_Required action_:
Using the entries below, write out the line with "A Cavalry white", the line with "Giv dit hjem", and every line in between, exactly as each is written.

*** Material provided ***

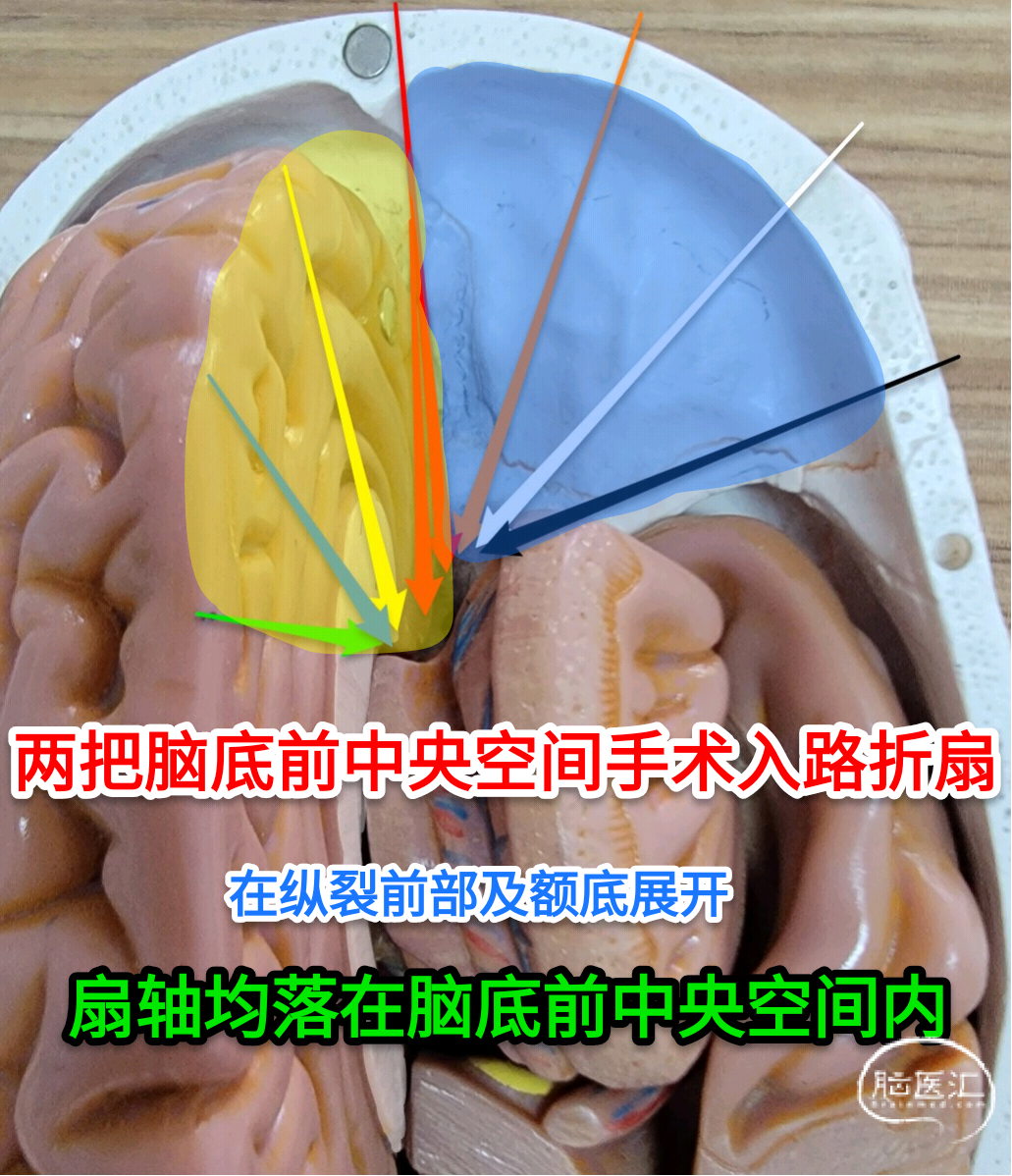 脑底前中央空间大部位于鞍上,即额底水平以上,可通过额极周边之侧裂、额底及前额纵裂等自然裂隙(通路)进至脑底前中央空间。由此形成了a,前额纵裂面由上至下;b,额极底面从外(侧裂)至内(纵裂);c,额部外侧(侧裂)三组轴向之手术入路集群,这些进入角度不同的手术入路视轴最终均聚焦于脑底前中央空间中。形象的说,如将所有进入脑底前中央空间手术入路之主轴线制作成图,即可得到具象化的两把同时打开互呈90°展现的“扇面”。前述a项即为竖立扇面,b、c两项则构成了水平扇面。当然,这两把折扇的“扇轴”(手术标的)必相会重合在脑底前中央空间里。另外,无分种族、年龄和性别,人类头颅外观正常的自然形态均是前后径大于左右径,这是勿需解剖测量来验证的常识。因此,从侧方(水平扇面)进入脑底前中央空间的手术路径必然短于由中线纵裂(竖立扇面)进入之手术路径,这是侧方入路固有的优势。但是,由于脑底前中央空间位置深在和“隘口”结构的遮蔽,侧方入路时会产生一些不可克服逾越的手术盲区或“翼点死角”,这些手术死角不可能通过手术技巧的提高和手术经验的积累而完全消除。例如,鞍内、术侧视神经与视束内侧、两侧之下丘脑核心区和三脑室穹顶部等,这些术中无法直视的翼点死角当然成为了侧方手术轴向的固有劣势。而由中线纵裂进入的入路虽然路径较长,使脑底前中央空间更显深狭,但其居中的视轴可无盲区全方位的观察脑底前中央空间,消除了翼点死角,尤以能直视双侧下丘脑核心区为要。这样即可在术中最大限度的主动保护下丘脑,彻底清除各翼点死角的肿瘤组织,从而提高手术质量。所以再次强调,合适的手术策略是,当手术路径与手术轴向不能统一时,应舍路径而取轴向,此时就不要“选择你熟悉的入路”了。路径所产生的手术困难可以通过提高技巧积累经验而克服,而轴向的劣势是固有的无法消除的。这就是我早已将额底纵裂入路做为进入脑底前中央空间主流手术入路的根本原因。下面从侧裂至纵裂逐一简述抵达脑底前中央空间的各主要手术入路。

***
*** Material provided ***

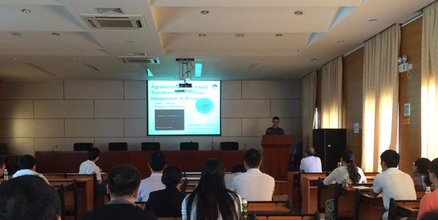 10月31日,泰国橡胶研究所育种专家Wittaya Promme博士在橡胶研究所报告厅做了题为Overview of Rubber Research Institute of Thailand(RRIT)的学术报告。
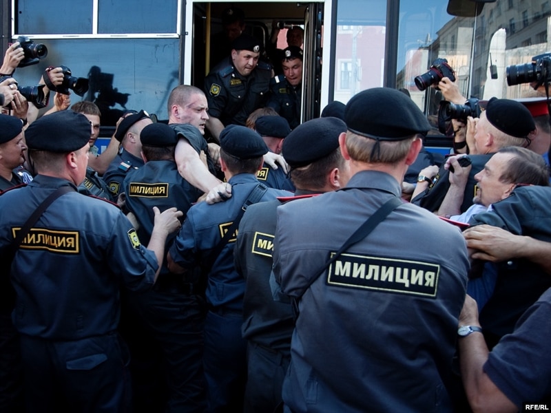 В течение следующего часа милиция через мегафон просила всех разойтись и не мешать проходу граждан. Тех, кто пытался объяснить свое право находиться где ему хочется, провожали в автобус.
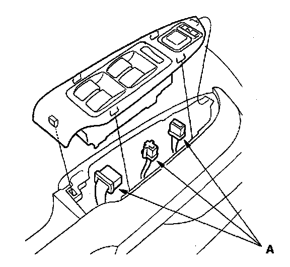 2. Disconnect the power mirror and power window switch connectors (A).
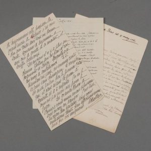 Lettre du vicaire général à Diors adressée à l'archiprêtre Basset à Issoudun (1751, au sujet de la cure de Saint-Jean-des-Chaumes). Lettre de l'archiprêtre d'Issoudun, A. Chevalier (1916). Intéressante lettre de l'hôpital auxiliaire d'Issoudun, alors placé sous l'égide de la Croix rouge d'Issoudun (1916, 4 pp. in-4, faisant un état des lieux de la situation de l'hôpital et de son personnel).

***
*** Material provided ***

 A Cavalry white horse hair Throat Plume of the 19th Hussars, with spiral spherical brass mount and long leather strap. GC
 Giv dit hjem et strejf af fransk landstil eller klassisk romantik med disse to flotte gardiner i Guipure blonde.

***

_Reply_:
 A Cavalry white horse hair Throat Plume of the 19th Hussars, with spiral spherical brass mount and long leather strap. GC
 Giv dit hjem et strejf af fransk landstil eller klassisk romantik med disse to flotte gardiner i Guipure blonde.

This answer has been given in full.